The SHSAT-only  admissions policy also fuels an increasing inequality, as black and Latino students who take the test in large numbers continue to lose ground in admission.  This year only about four percent of black applicants and less than seven percent of Latino applicants were granted admission to any of the Specialized High Schools. As a result, the schools do not reflect the broad, rich diversity of New York—where three-quarters of public school students are black or Latino. Stuyvesant offered admission to only seven black students out of an incoming class of nearly 1,000. It is impossible that there could be so few bright, intelligent black eighth graders in the city.

The NYC Department of Education is an outlier, as the only school district in the country that uses a test as a sole criterion for admission to its best high schools. While all standardized tests can be gamed and studied, the SHSAT is especially unfair because it is not aligned with the curriculum students are expected to learn in middle school. As a result, students who can afford expensive private prep classes enjoy a major advantage.

The single-test admissions policy is also unfair to many hard-working and deserving white and Asian-American students. In fact, many leading Asian-American organizations have vocally supported the call for change. After all, how many families have $1,000 to $3,000 to spare for test preparation classes and private tutoring for their child? What’s more, the city has now admitted that it has no proof that the SHSAT measures anything close to merit. Yet parents are told each year that whoever gets the highest scores on this exam must be the smartest.

The time has come to change this backwards admissions policy, to end the myth about merit, and to challenge the notion that the Specialized High Schools would somehow be less elite if they employed assessment mechanisms that most other top high schools in the country use.

This month, Albany lawmakers proposed legislation that would require all eight Specialized High Schools to consider state test scores and GPA, as well as the current admissions test, in the admission process. The bill, introduced late in the legislative session, opens the door for a more robust public dialogue on current admissions policies for elite high schools.

Mayor de Blasio has already signaled that he wants to make a change. He should start by announcing reforms to the admissions policy for the five newest Specialized High Schools forced to follow the test-only admissions policy by fiat of the Bloomberg administration.  Mayoral control of schools means that with the stroke of a pen he could lift the test-only designation at these schools and adopt a policy that included multiple measures of student knowledge and potential as early as next year.

Toward setting such a policy, the mayor should also convene community leaders and educational experts to study and provide recommendations on how to make admissions into Specialized High Schools fairer, more inclusive and based on a broad and honest definition of merit.
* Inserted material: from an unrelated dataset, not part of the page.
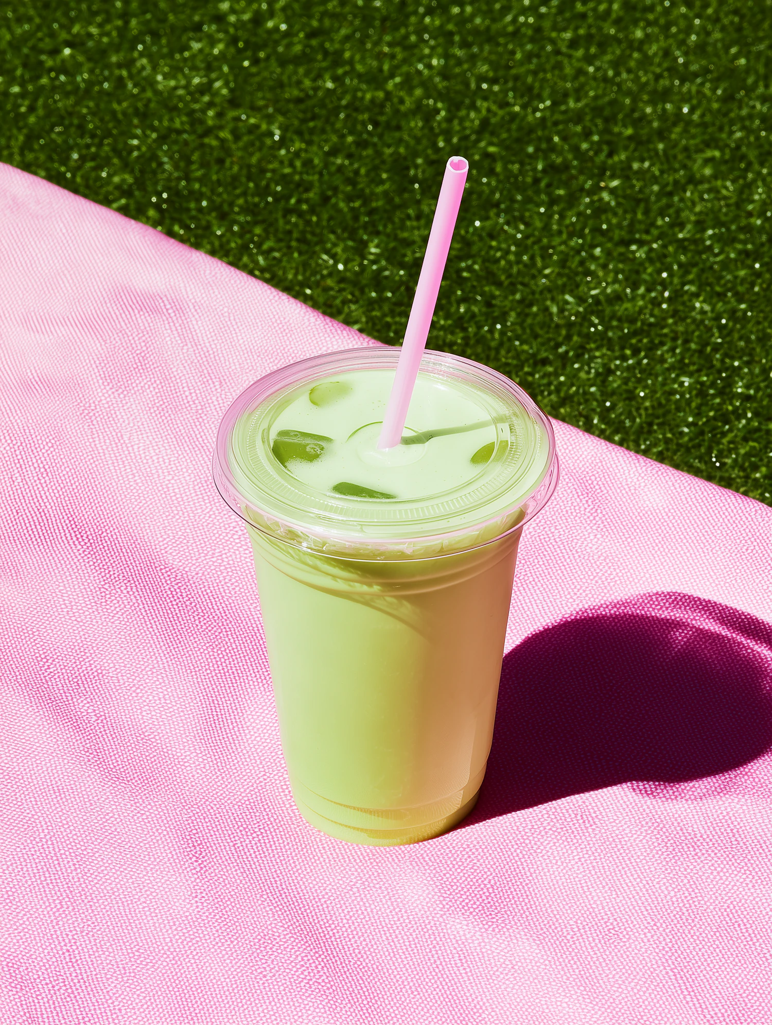 A refreshing green iced matcha latte in a clear cup with a pink straw, set against a pink surface and green grass background.

In doing so, he would show his leadership on an issue illustrative of the glaring disparities across our education system when it comes to access to quality schools.

The SHSAT-only  admissions policy is an arbitrary device that denies many gifted students access to an exemplary educational experience. New York City must do better because its students deserve better.

Last year CSS and the NAACP Legal Defense and Education Fund co-authored a recently published report, The Meaning  of Merit: Alternatives for Determining Admission to New York City’s Specialized High Schools.